Lee County’s first drive-thru coronavirus COVID-19 testing center opened Monday in Auburn, testing nearly 50 patients.

The testing center opened at the old location of Health Plus Fitness Center, 1171 Gatewood Drive No. 101 in Auburn, to allow hospital staff to safely test patients away from East Alabama Medical Center.

“This will allow us to have a large circulation area where we have outdoor tents and people are sent there by appointment to test after they’ve called the 334-528-SICK number,” EAMC President Laura Grill said.

The drive-thru testing center allows for hospital staff to test patients effectively and safely, and so far things have been going smoothly, staffers said.

“Our observation has continued on both sides and so far everybody’s been safe,” Rosemary Cummings, clinical lead of the testing center, said. “They’ve felt safe. We’ve talked to all the staff all day long. We feel good; this is what we’re called to do.”

How it works

Patients must call 334-528-SICK first to be screened to see if they qualify for a coronavirus test. Once they complete the screen and have positive symptoms, they make an appointment for the drive-thru test location.

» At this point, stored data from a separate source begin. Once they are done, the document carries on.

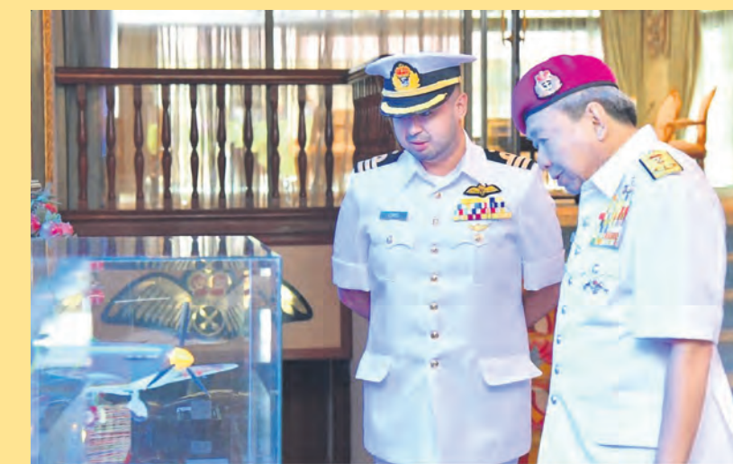
Tunku Temenggong Johor Komander Tunku Idris Iskandar Al-Haj, juruterbang TLDM menghadap Sultan Sharafuddin selaku Kapten Yang Dipertua TLDM di Istana Bukit Kayangan, Shah Alam pada 11 April
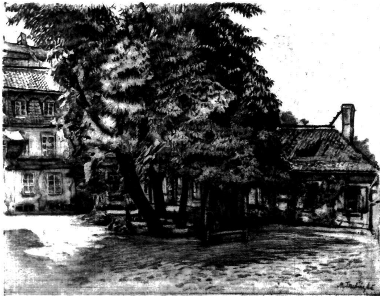
Podwórze p.p. Kanoniczek na pl. Teatralnym
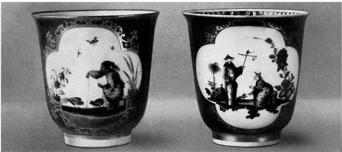
Abb. 35 Bechertasse links altes Porzellan mit gefälschter Höroldt-Malerei. Rechts echte Tasse.
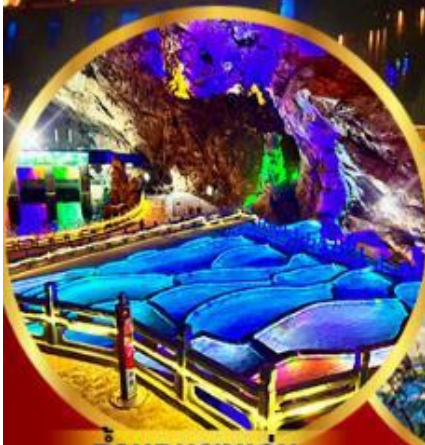
ตำนานทางแอน
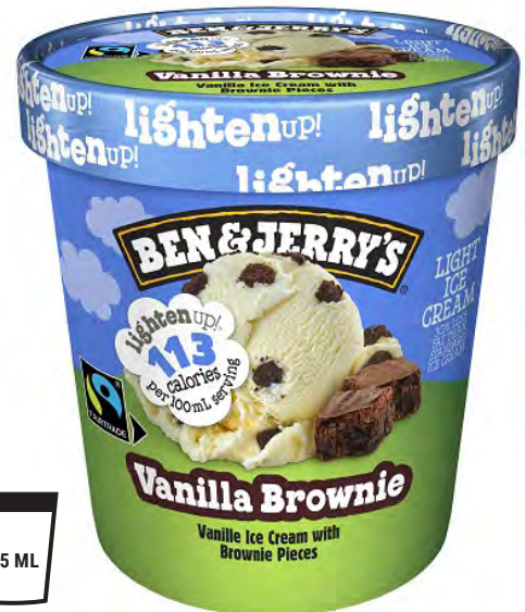
Pint lighten up - Vanilla brownie 465 ml - Pack 8 10 14 32
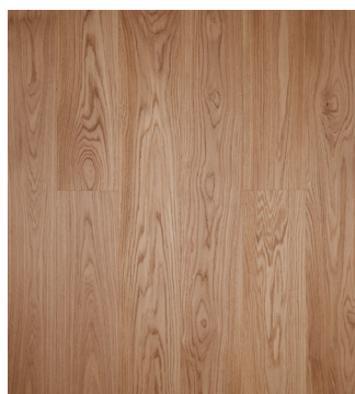
Eg Prime børstet Varenr.: 145058n DB nr.: 2119602
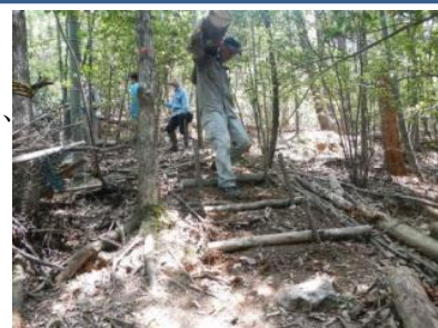
▲地域住民が協力して遊歩道の整備
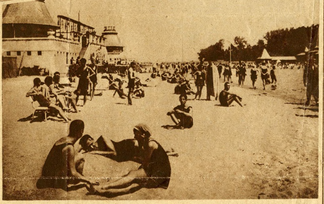
Les baigneurs sur la plage avant le bain.

Non loin, le bateau-mouche qui vient de Vienne fend doucement le fleuve. Son pa-
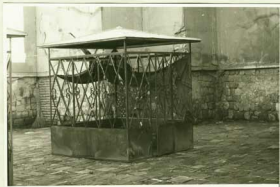
منیره معروف بد خترانایک (آبش خاتون)
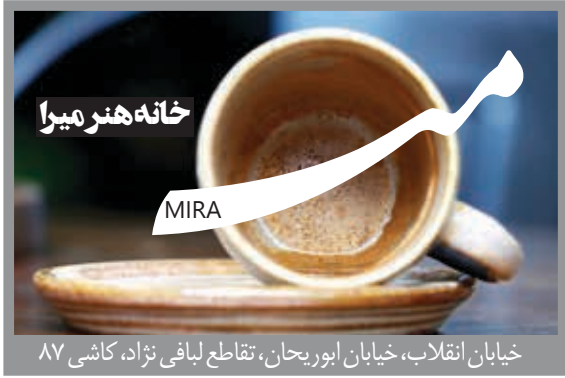
خیابان انقلاب، خیابان ایوریجان، تقاطع لیافی نژاد، کاشی ۸۷

بهداری جهرمی در نشست خبری: دولت تلاش کرد تا بودجه را واقعی تنظیم کند
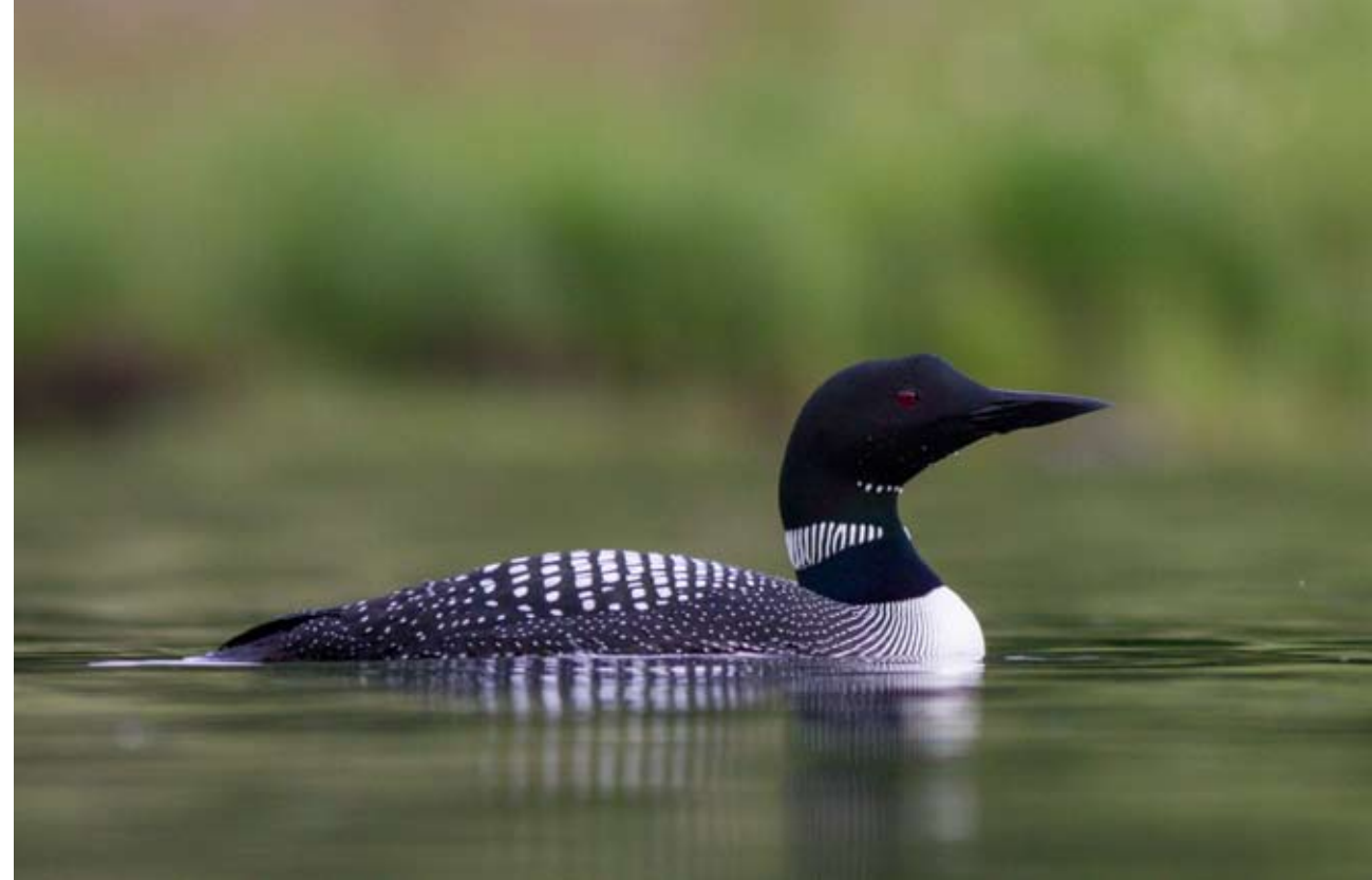
Denne islomen Gavia immer tilbragte sommeren 2012 i Fusa og Samnanger. Bildet viser fuglen fra Frølandsvatnet i Samnanger 19. juli 2012.

Upon arrival, patients must hold a piece of paper with their name and date of birth on it against the window for test center security to read. The security personnel will then radio the patient’s information to Cumming’s staff and they tell them whether to go to Tent 1 or Tent 2.

After that, the process becomes similar to that of a car wash.

“We’re telling them to put the car in park. Don’t roll your window down until you are told to,” Cummings explained.

Nurses are also telling the patient to turn their head to the side if they have to cough and to make sure they cough into the car and not onto the employees.

Then, a nurse who is in protective gear will prepare to take the sample.

“She approaches the car. She tells me she’s ready. I tell them to put their window down,” Cummings said.

The nurse will then explain the process to the patient and go through Alabama Department of Public Health guidelines for testing before administering the test.

“She will go ahead and do the test, which is a nasal swab that feels like you’re up getting up into the brain matter,” Cummings said.

“Kind of a ramped-up flu test is what most of the patients are saying as they’re getting it done.”

The nurse will then take the test back to another nurse who is ready with all the material that they’re using for the swab, and the nurse places the swab into that. The test is double-bagged, taken to the back and then the patient is able to go.

The tests from the drive-thru location are then sent to a private lab for testing. If a test comes back positive after 1-3 days, the patient and patient’s doctor are notified and the test is sent to the state health department for confirmation.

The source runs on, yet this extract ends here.